EU-Verhandler glauben nicht mehr an einen weichen Brexit
Drama und kein Ende
Albrecht Rothacher

Bei Scheidungen verlieren alle, und das Familienporzellan wird oft zerschmissen. Was ist der Rang der EU in Commonwealth-Ländern wie Indien, Australien, Neuseeland, Singapur und Malaysia, wenn die Briten nicht mehr dabei sind? Oder in Japan, wo die British Embassy seit 140 Jahren direkt neben dem Kaiserpalast steht? Für russische Oligarchen oder chinesische Touristen war England immer das Prisma Europas, sicher nicht Frankfurt, Marseille oder Neapel. Nach Eton schicken sie ihren verwöhnten Nachwuchs, aber sicher nicht auf eine Gesamtschule in Offenbach.

Bis Dezember dieses Jahres laufen die Brexit-Übergangsregelungen: Großbritannien bleibt de facto Teil des Binnenmarktes – aber ohne Einfluß. Aus Brüsseler Sicht könnte dies endlos so weitergehen, aber die Brexiteers stört es. Patrick Minford von der Universität Cardiff träumt von einem Off-shore-Zentrum vor Europa – mit Niedrigsteuern, Sozialdumping und Freihandel mit den USA. Das soll Investitionen anlocken – zum Schaden der mit Vorschriften überforderten EU. Steuerwettbewerb ist keine schlechte Idee, wenn man weiß, wie die öffentlichen Haushalte das Geld der Bürger unproduktiv zum Fenster hinauswerfen. Die britische Euro-Verweigerung war schlau, London sieht genüßlich zu, wie der bankrotte „Club Med“ die Nordzone der Währungsunion zur Kasse bittet.

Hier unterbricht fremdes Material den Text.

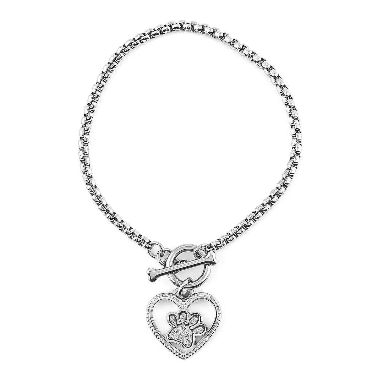 HALLMARK Paw Heart with Silver Glitter Paper Toggle Bracelet in Stainless Steel (7.50 In)
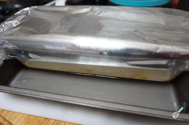Cubra a forma com papel alumínio para que a superfície não queime. Leve ambas as formas ao forno e deixe cozer cerca de 40-50 minutos.

Doch Amerika ist ein schwieriger Partner. Donald Trump mochte den Brexit, weil er die EU schwächte. Gleichzeitig wird der Corona-geschwächte Wahlkämpfer keinem ausländischen Partner Konzessionen ohne Vorleistungen anbieten. Das gilt für Chlorhühnchen über Hormon-Beef bis Genmais, da können die Briten, wie die EU, die Südkoreaner oder die Japaner noch lange im Weißen Haus kriecherisch schmeicheln. Die Chancen Boris Johnsons auf einen Handelsvertrag mit den USA stehen schlecht, denn im November ist mit den US-Wahlen und der Übergangszeit bis Januar ohnehin der Ofen aus.